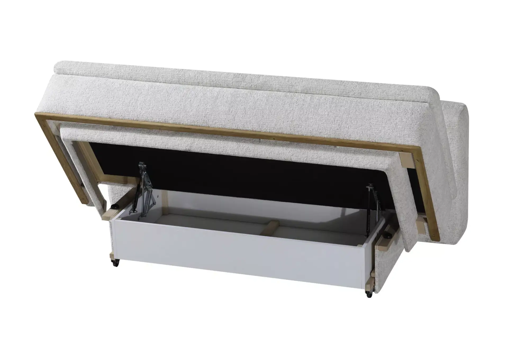 Querschläfer mit Bettkasten und einem Federkernsitz bei einer Liegefläche von 160 x 205 cm. Durch Vorziehen der Sitzfläche und Herunterklappen des Rückenteils entsteht eine Doppelliege. Schlafen auf Sitzhöhe.
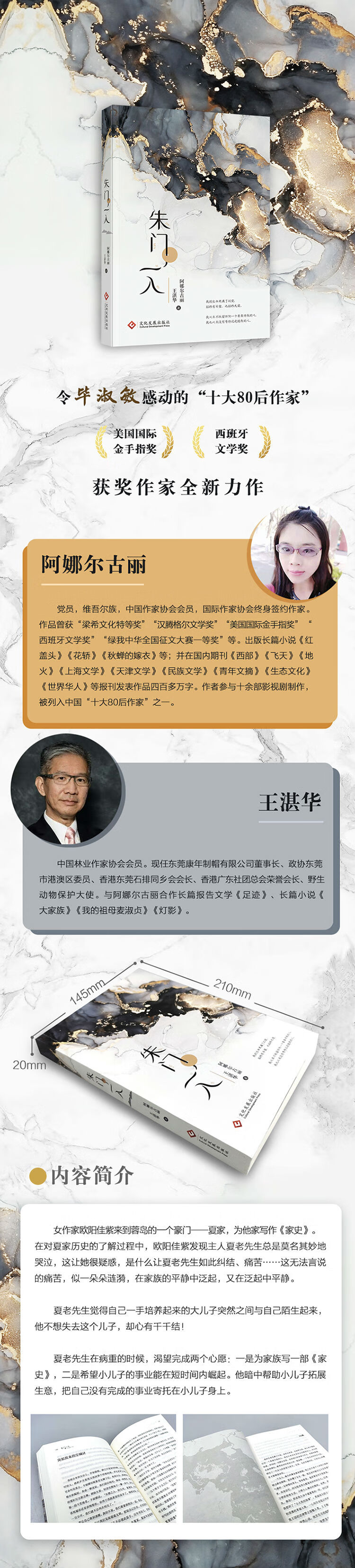 我和王湛华先生认识七 年多了,我们一直想着合著 一部完整的作品,但总是遇 到各种磨难,很多作品写出 来,却放着一直没有出版。 我其实很努力,有时候,“ 努力”就像一件华丽的外衣 ,掩盖不了不思进取的事实 。我和王湛华先生的共同之 处就是我们都是真性情中人 。在这个世界上,所有真性 情中人,想法总是与众不同 。王湛华先生是儒商,博览 群书,我是个随情随兴的小 女人,我们一直很珍惜彼此 的关系和相处方式。王湛华 到北京的时候,我们偶然会 聚一聚,良好的人际关系是 人心互相温暖,而不是一颗 心对另一颗心的折磨。早在 很多年前,王湛华先生的父 亲希望我和王湛华先生共同 完成一本描写王湛华先生祖 母的书,但老人家去世之后 ,这事也就搁浅了,没有人 再提起。 我也经历过苦难的岁月 ,半生漂泊,经常羡慕别人 脸上的阳光、羡慕别人脸上 的微笑、羡慕别人家庭的和 美。母亲故去之后,我被送 到了舅舅家,然后辗转到了 养母家,那时候养母倾家荡 产供我上大学,她忍受着贫 穷和丈夫的暴虐。养母去世 的时候,渴望看一眼金子、 看一眼火车,那一刻,我好 卑微,这是再低贱不过的要 求,我却没有能力满足。我 无法回报母亲的生育之恩, 也无法回报养母的养育之恩 。养母去世后,我大学毕业 ,到了一所学校当了一名中 学语文教师,新鲜感过去之 后,我又陷入了无边的绝望 之中,后来我考入北方学院 ,成为一名古代汉语讲师, 每周两节课,我有了很宽裕 的创作时间。 一个秋天的早上,我打 开宿舍的窗户,窗外阳光灿 烂,油菜花也一样灿烂,浓 郁的花香飘进屋里,瞬间我 泪流满面,生活原来如此美 好。我接着又调到了国家林 业局,到北京当了一个刊物 的执行主编。我不是一个墨 守成规的女人,我喜欢优雅 精致的生活,同样也渴望社 会的和平与家庭的温馨。现 在每个家庭都有矛盾,或多 或少,出版这本书,是为了 让普天下的家庭和睦,成员 相互尊重。其实尊重一个人 ,看似简单,一旦失去了尊 重,人与人的关系就什么都 不存在了。 这部书,是我花了很久 谋篇、布局,然后投入写作 的。我们没有去贬低谁,也 没有赞美谁,本故事纯属虚 构,请勿对号入座。如有雷 同,纯属巧合。文学本身来 源于生活,又高于生活。就 像一个人,脸在北京,衣服 在山西,是一个拼凑起来的 角色,想象力越强的作品, 越有生命力,没有任何文学 作品拥有永恒的生命力。熵 是增加的,宇宙是混乱的, 所有的文学作品都会逐渐消 失。但是,我多么希望我们 的作品,能够代代流传下来 ,警诫世人。芸芸众生,人 人都需要慰藉,这个慰藉可 以是金山银山,也可以是信 仰,亦可以是文学。 这些年,专心投入影视 创作与别的工作,三年来, 没有正式出版过新作品了。 我一直觉得王湛华先生是我 的幸运之神,他引导我读好 书,做好人,不虚度人生。 他给予了我一个觉醒期,我 认为,每个人都有一个觉醒 期,但觉醒得早晚决定了一 个人的命运。我相信,我们 会一直合作下去。好的人生 ,是一个过程,而不是一个 状态;它是一个方向,而不 是终点。喜欢我的读者,都 说阿娜尔古丽的作品中都有 一个很爱她的男人,同时也 有一个无比阴毒陷害她的男 人。在创作这部作品之前, 我阅读了很多遍莎士比亚的 作品,自十九世纪始,这些 作品是莎士比亚的四大悲剧 :《哈姆雷特》《奥赛罗》 《李尔王》《麦克白》,四 大悲剧表现人文主义理想与 现实社会恶势力之间的悲剧 性冲突及理想的破灭。虽然 现在图书市场特别萧条,但 是在我心中,文学永远神圣 ,我感觉星星在哪里都是很 亮的,就看人们有没有抬头 去看它们。 这部书以一个女作家到 蓉岛豪门写一部家族史开始 ,揭开了层层谜团,但是由 于各种原因,女作家最后与 她创作的家史换来一个家族 的安宁,自己放弃了荣华富 贵和好姐妹卡丽娜去看西藏 的美景。其实,对于一个热 爱创作的人来说,每部作品 都是自己的孩子,它们也许 精彩纷呈,也许阳春白雪, 可毕竟沾满慈母的血泪。真 正的作家,是一定有勇气去 触碰那些在内心深处自己不 敢触碰的东西的。我不刻意 、不虚伪,在创作中感受简 单岁月的朴素,这是宠辱不 惊的坦然,真正的自由独立 不是想做什么就能做什么, 而是明白自己真正要什么, 文字是离灵魂最近的东西, 唯独文字,才能抚慰人心。 很多企业家让我写传记 ,我都拒绝了。现在能称为 “企业家”的人太多了,但能 够成为人物的企业家却凤毛 麟角。我一直觉得王湛华先 生是新时代的人物,他做了 多年的慈善事业,后来我们 一起做起了爱护动物的公益 事业。眼下,通过高考完成 人生的鲤鱼跳龙门也已经是 过去的事情了。更多的时候 是要看你的眼界,看你的目 光,看你的资源和前瞻性, 这些简单的知识已经给不了 我们更多的需求。像王湛华 这样的人物出现在人群中, 一下子就能认出来,因为这 样的人太少了。时代赋予人 们成功的因素越来越多,在 各种各样的成功面前,人们 各尽所能,去
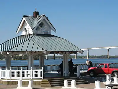 Solomons (Solomons Island) is a resort area in Southern Maryland, near the Patuxent Naval Air Station. Solomons within a two-hour drive of Washington, D.C., Baltimore, and Annapolis. Solomons is also close to the Calvert Cliffs State Park, which is fun for fossil hunting. Located where the Patuxent River meets the Chesapeake Bay, it is a popular destination for fishing and boating. Solomons also has a nice, short boardwalk at the tip of the peninsula and a lively restaurant scene.
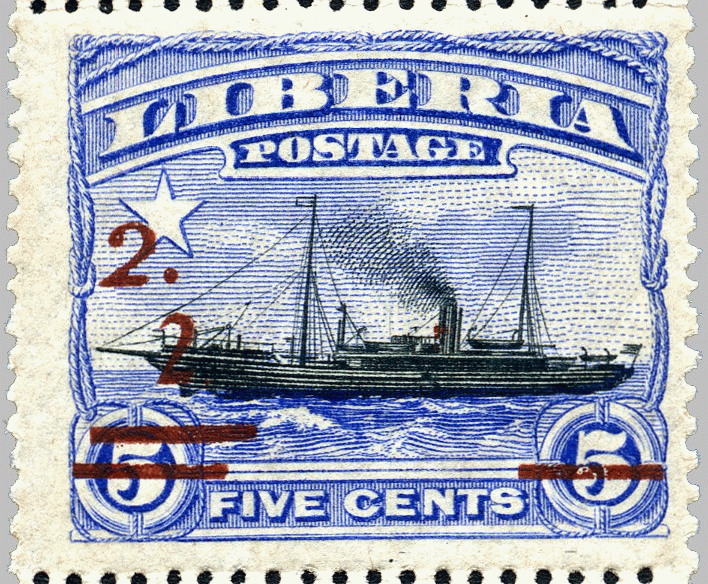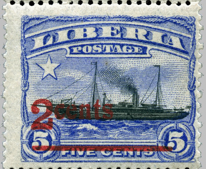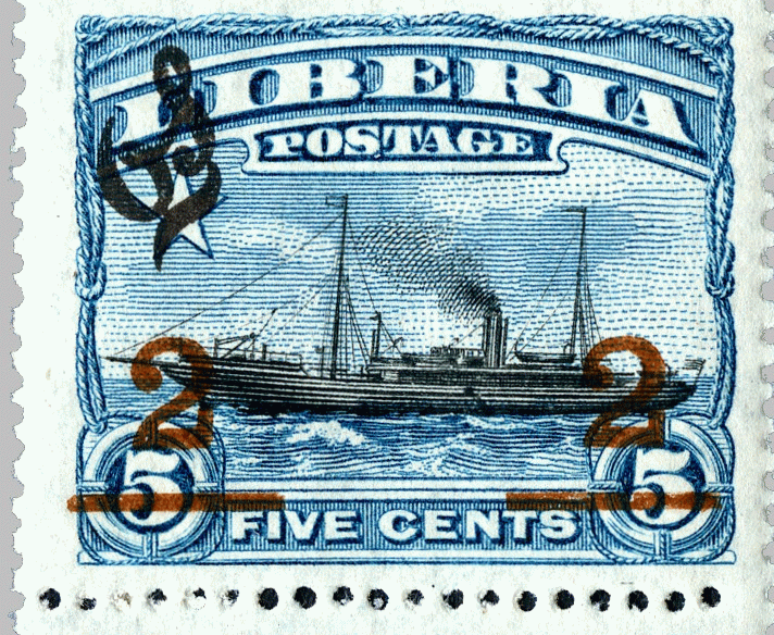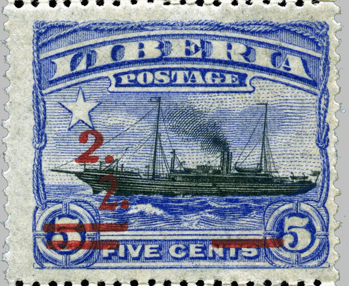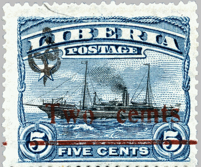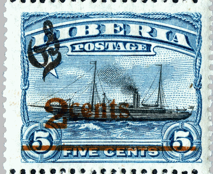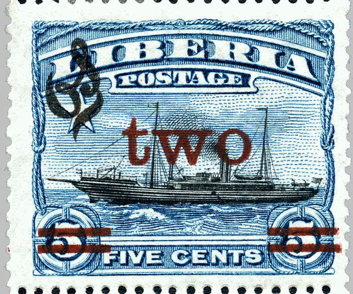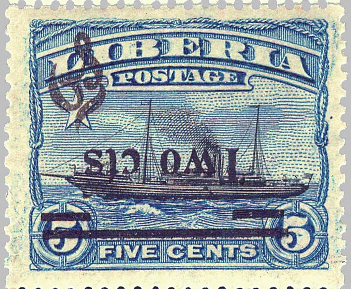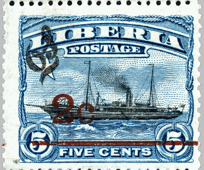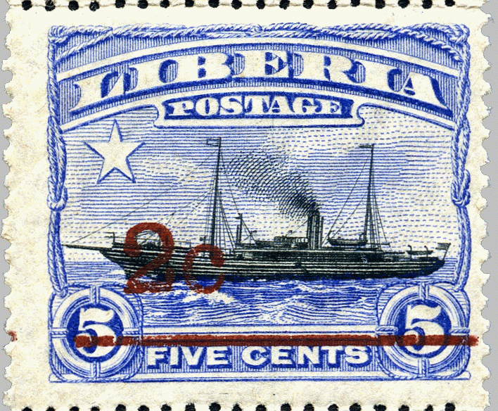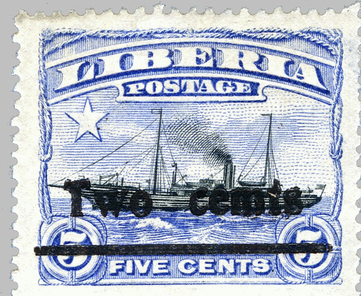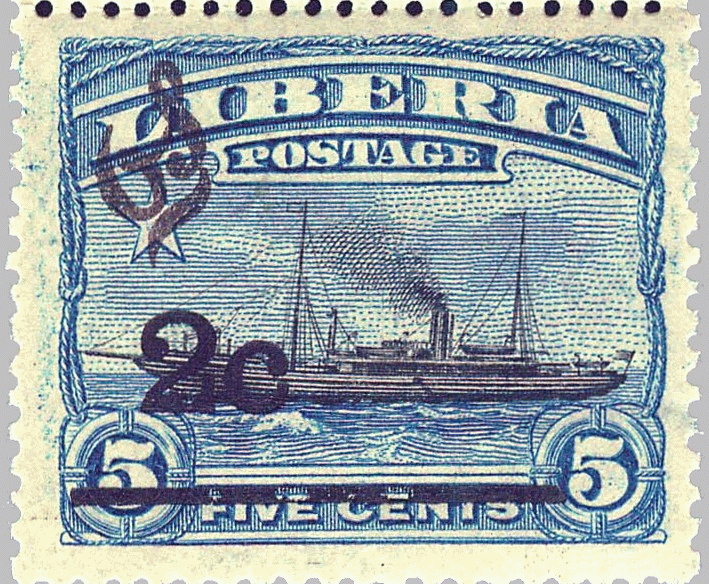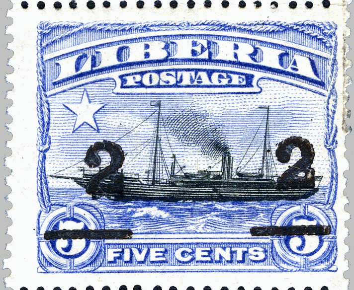 Errors often creep in when stamps are surcharged, but the mistakes usually make the stamps rarer. In this case, taking for example the 5 cents ultramarine and black, show a picture of the Liberian gunboat "Lark," each sheet of 100 stamps contains "errors." Each stamp in the top row of ten bears the red surcharge "Two Cents" with a long red line under it. On each stamp in the second row there are two lines instead of one. The fourth row bears "Two Cts" upside down on each stamp. The eighth row shows 2 2, each figure having a short line under it. The surcharges on the other five rows are all different.

################

**Required work:** Restate the data above word for word. Do not include the images.

**Task answer:**
 Querschläfer mit Bettkasten und einem Federkernsitz bei einer Liegefläche von 160 x 205 cm. Durch Vorziehen der Sitzfläche und Herunterklappen des Rückenteils entsteht eine Doppelliege. Schlafen auf Sitzhöhe.
 我和王湛华先生认识七 年多了,我们一直想着合著 一部完整的作品,但总是遇 到各种磨难,很多作品写出 来,却放着一直没有出版。 我其实很努力,有时候,“ 努力”就像一件华丽的外衣 ,掩盖不了不思进取的事实 。我和王湛华先生的共同之 处就是我们都是真性情中人 。在这个世界上,所有真性 情中人,想法总是与众不同 。王湛华先生是儒商,博览 群书,我是个随情随兴的小 女人,我们一直很珍惜彼此 的关系和相处方式。王湛华 到北京的时候,我们偶然会 聚一聚,良好的人际关系是 人心互相温暖,而不是一颗 心对另一颗心的折磨。早在 很多年前,王湛华先生的父 亲希望我和王湛华先生共同 完成一本描写王湛华先生祖 母的书,但老人家去世之后 ,这事也就搁浅了,没有人 再提起。 我也经历过苦难的岁月 ,半生漂泊,经常羡慕别人 脸上的阳光、羡慕别人脸上 的微笑、羡慕别人家庭的和 美。母亲故去之后,我被送 到了舅舅家,然后辗转到了 养母家,那时候养母倾家荡 产供我上大学,她忍受着贫 穷和丈夫的暴虐。养母去世 的时候,渴望看一眼金子、 看一眼火车,那一刻,我好 卑微,这是再低贱不过的要 求,我却没有能力满足。我 无法回报母亲的生育之恩, 也无法回报养母的养育之恩 。养母去世后,我大学毕业 ,到了一所学校当了一名中 学语文教师,新鲜感过去之 后,我又陷入了无边的绝望 之中,后来我考入北方学院 ,成为一名古代汉语讲师, 每周两节课,我有了很宽裕 的创作时间。 一个秋天的早上,我打 开宿舍的窗户,窗外阳光灿 烂,油菜花也一样灿烂,浓 郁的花香飘进屋里,瞬间我 泪流满面,生活原来如此美 好。我接着又调到了国家林 业局,到北京当了一个刊物 的执行主编。我不是一个墨 守成规的女人,我喜欢优雅 精致的生活,同样也渴望社 会的和平与家庭的温馨。现 在每个家庭都有矛盾,或多 或少,出版这本书,是为了 让普天下的家庭和睦,成员 相互尊重。其实尊重一个人 ,看似简单,一旦失去了尊 重,人与人的关系就什么都 不存在了。 这部书,是我花了很久 谋篇、布局,然后投入写作 的。我们没有去贬低谁,也 没有赞美谁,本故事纯属虚 构,请勿对号入座。如有雷 同,纯属巧合。文学本身来 源于生活,又高于生活。就 像一个人,脸在北京,衣服 在山西,是一个拼凑起来的 角色,想象力越强的作品, 越有生命力,没有任何文学 作品拥有永恒的生命力。熵 是增加的,宇宙是混乱的, 所有的文学作品都会逐渐消 失。但是,我多么希望我们 的作品,能够代代流传下来 ,警诫世人。芸芸众生,人 人都需要慰藉,这个慰藉可 以是金山银山,也可以是信 仰,亦可以是文学。 这些年,专心投入影视 创作与别的工作,三年来, 没有正式出版过新作品了。 我一直觉得王湛华先生是我 的幸运之神,他引导我读好 书,做好人,不虚度人生。 他给予了我一个觉醒期,我 认为,每个人都有一个觉醒 期,但觉醒得早晚决定了一 个人的命运。我相信,我们 会一直合作下去。好的人生 ,是一个过程,而不是一个 状态;它是一个方向,而不 是终点。喜欢我的读者,都 说阿娜尔古丽的作品中都有 一个很爱她的男人,同时也 有一个无比阴毒陷害她的男 人。在创作这部作品之前, 我阅读了很多遍莎士比亚的 作品,自十九世纪始,这些 作品是莎士比亚的四大悲剧 :《哈姆雷特》《奥赛罗》 《李尔王》《麦克白》,四 大悲剧表现人文主义理想与 现实社会恶势力之间的悲剧 性冲突及理想的破灭。虽然 现在图书市场特别萧条,但 是在我心中,文学永远神圣 ,我感觉星星在哪里都是很 亮的,就看人们有没有抬头 去看它们。 这部书以一个女作家到 蓉岛豪门写一部家族史开始 ,揭开了层层谜团,但是由 于各种原因,女作家最后与 她创作的家史换来一个家族 的安宁,自己放弃了荣华富 贵和好姐妹卡丽娜去看西藏 的美景。其实,对于一个热 爱创作的人来说,每部作品 都是自己的孩子,它们也许 精彩纷呈,也许阳春白雪, 可毕竟沾满慈母的血泪。真 正的作家,是一定有勇气去 触碰那些在内心深处自己不 敢触碰的东西的。我不刻意 、不虚伪,在创作中感受简 单岁月的朴素,这是宠辱不 惊的坦然,真正的自由独立 不是想做什么就能做什么, 而是明白自己真正要什么, 文字是离灵魂最近的东西, 唯独文字,才能抚慰人心。 很多企业家让我写传记 ,我都拒绝了。现在能称为 “企业家”的人太多了,但能 够成为人物的企业家却凤毛 麟角。我一直觉得王湛华先 生是新时代的人物,他做了 多年的慈善事业,后来我们 一起做起了爱护动物的公益 事业。眼下,通过高考完成 人生的鲤鱼跳龙门也已经是 过去的事情了。更多的时候 是要看你的眼界,看你的目 光,看你的资源和前瞻性, 这些简单的知识已经给不了 我们更多的需求。像王湛华 这样的人物出现在人群中, 一下子就能认出来,因为这 样的人太少了。时代赋予人 们成功的因素越来越多,在 各种各样的成功面前,人们 各尽所能,去
 Solomons (Solomons Island) is a resort area in Southern Maryland, near the Patuxent Naval Air Station. Solomons within a two-hour drive of Washington, D.C., Baltimore, and Annapolis. Solomons is also close to the Calvert Cliffs State Park, which is fun for fossil hunting. Located where the Patuxent River meets the Chesapeake Bay, it is a popular destination for fishing and boating. Solomons also has a nice, short boardwalk at the tip of the peninsula and a lively restaurant scene.
 Errors often creep in when stamps are surcharged, but the mistakes usually make the stamps rarer. In this case, taking for example the 5 cents ultramarine and black, show a picture of the Liberian gunboat "Lark," each sheet of 100 stamps contains "errors." Each stamp in the top row of ten bears the red surcharge "Two Cents" with a long red line under it. On each stamp in the second row there are two lines instead of one. The fourth row bears "Two Cts" upside down on each stamp. The eighth row shows 2 2, each figure having a short line under it. The surcharges on the other five rows are all different.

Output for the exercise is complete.